Study shows damage of staring at our phones, not our kids

IN somewhat alarming news, a study has revealed that Australian parents are failing to recognise just how much time they spend on devices when they're meant to be caring for their kids.

Researchers at Monash University have suggested parents are "depriving their children of vital interaction and life-development opportunities" through their actions (or lack of) when out in public with their children."

Master of Educational and Developmental Psychology and PhD candidate, Carrie Ewin says, "mobile devices are now a staple in our lives so it's important that we understand how they affect parent-child relationships."

In order to better understand how parents interact with their children, researchers observed parents at food courts and play areas in Melbourne.

If that's not creepy already, they observed and took notes about tapping, swiping and speaking habits alongside reactions and interactions with their children.

The results revealed nearly 82 percent of parents or carers used a mobile device for more than 10 minutes.

"One caregiver was observed spending nearly two hours absorbed in their mobile device," revealed a report from Monash University.

They also reported observing parents missing signs of danger "such as their children falling or wandering off" and very few engaged in conversation with their child at all.

"One parent was so engrossed in their device - for more than 30 minutes - that they didn't notice their son hitting play equipment or crawling over furniture. Another caregiver didn't see their baby standing up and falling out of a pram," Carrie said.

"Another child was observed sitting silently and fiddling with a strap, without sharing any conversation, laughter or smiles, for 20 minutes until she tried to get her father's attention by giving him a hug. Even then, the parent still didn't look up."

Carrie says, "parent-child language is essential for the formation of children's early language skills and also has many other developmental benefits such as bonding and learning to regulate emotions." This is why it is important for parents to engage with their child.

While this is alarming information, and certainly, the details about a child attempting to engage their parent to no avail is heartbreaking.

But we should keep in mind that the research took place in only two locations. Both of those are generally places we go as parents to unwind and have some time to catch up on devices.

My kids are older now so we avoid those play areas with screaming kids as much as possible, but I remember timing my mid-morning walks with two toddlers with a play in those places. I would wander past the local coffee shop, grab a coffee and head over to the play area where the kids can have a little fun while I sit and watch.

Yes, I used my mobile phone, but I was also always aware of where my children were and what they were doing. There's nothing wrong with taking some time out after a busy morning of baby talk and play dough.

Did the researchers ask the parents what they had done just before this? Or what they were planning afterwards?

Maybe those parents on devices for an extended period of time had just come from Kindergym, where they spent an entire hour interacting with their kids.

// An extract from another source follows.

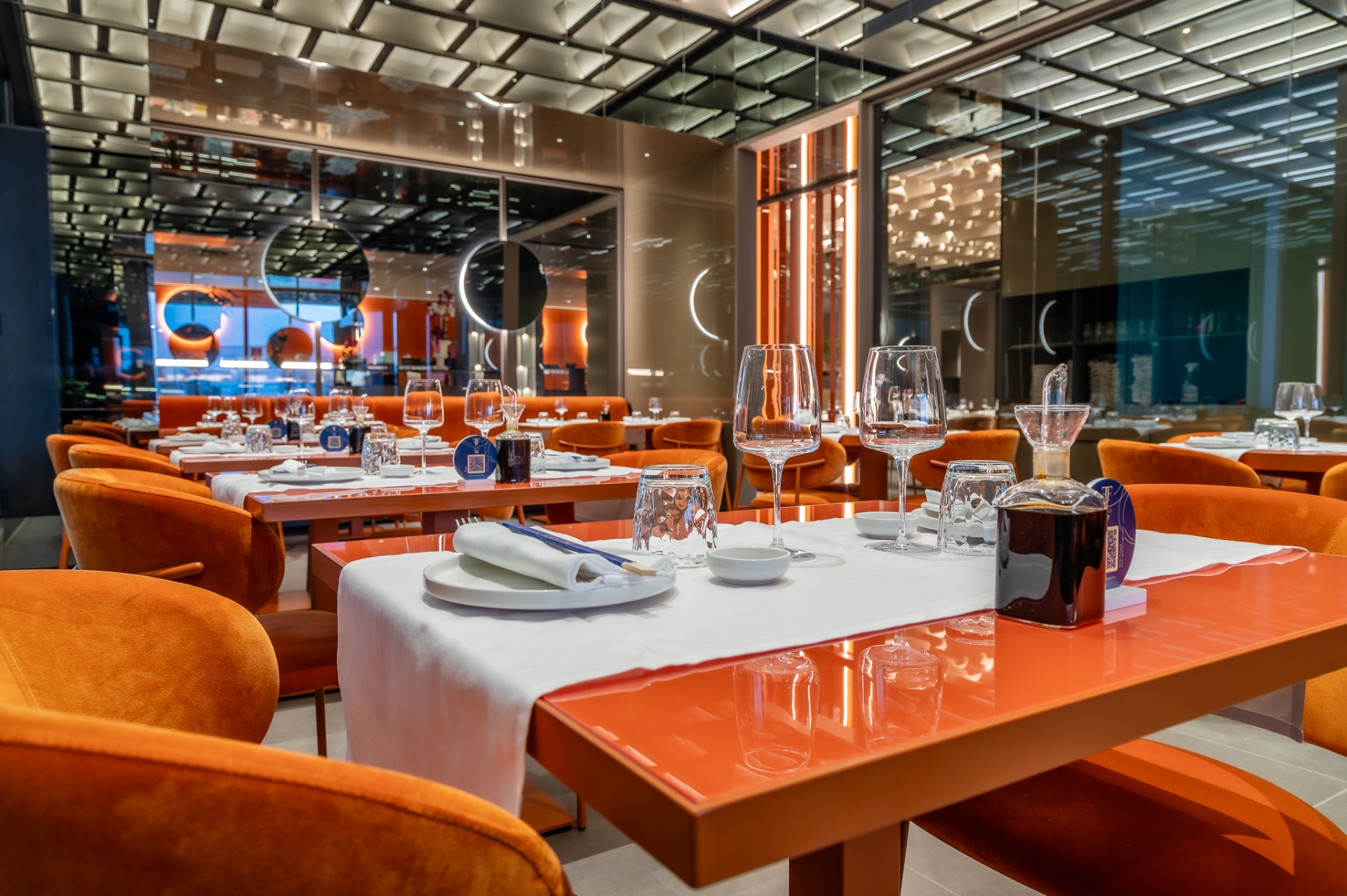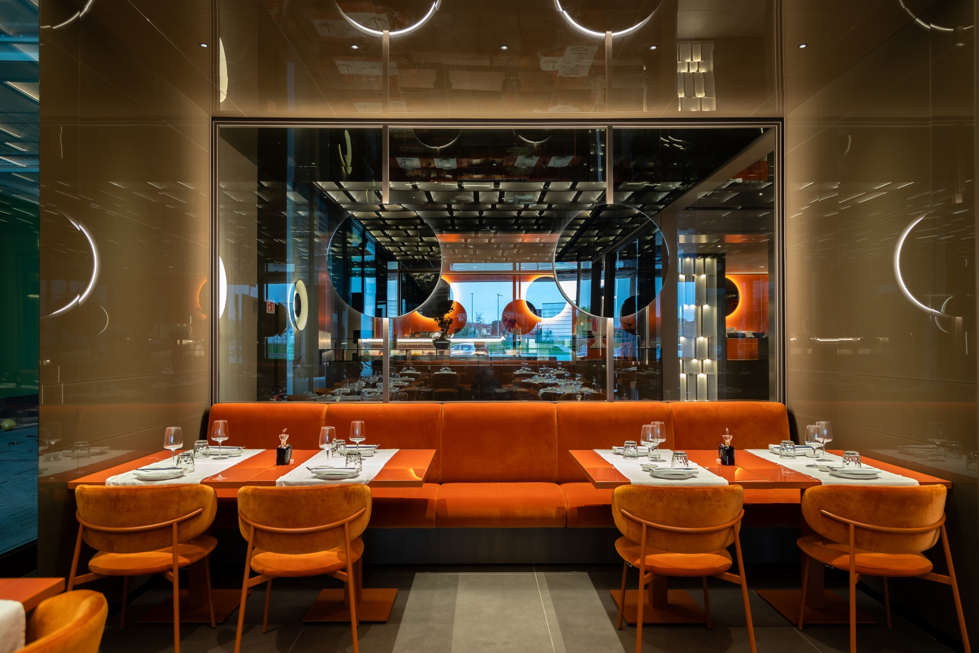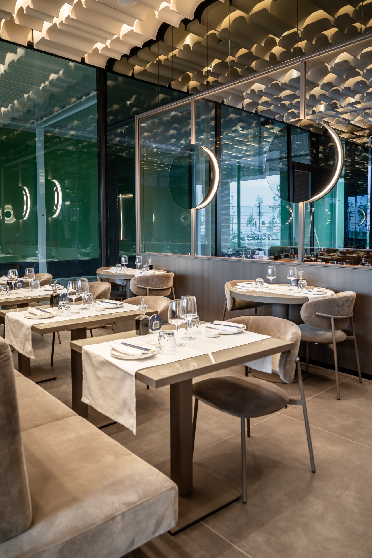 Il nuovo Found è uno spazio che cattura l'immaginazione fin dal primo sguardo. La terza location, progettata dal rinomato Lai Studio - Maurizio Lai Architects, si distingue per la sua visione innovativa e all'avanguardia nel panorama del design per la ristorazione. L'ampio ambiente è caratterizzato da sofisticati giochi di luci ed effetti materici che creano un'atmosfera sia raffinata che accogliente, frutto della maestria di Maurizio Lai nel fondere funzionalità ed estetica. Gli interni, curati nei minimi dettagli, riflettono un'eleganza senza tempo che si sposa perfettamente con la filosofia culinaria di Found.

Maybe they had just found out a parent was dying and they were organising palliative care and sending messages asking for support.

Sure, this should be a reminder to not be so engrossed in our screens we fail to realise when our child is in danger. It does happen, and people do need to be conscious of ensuring their child feels like the most important thing in our lives.

But we also need to be mindful that a small window of someone's day at a location where parents generally go to have a breather may not be the best indication of what all parents do on a daily basis.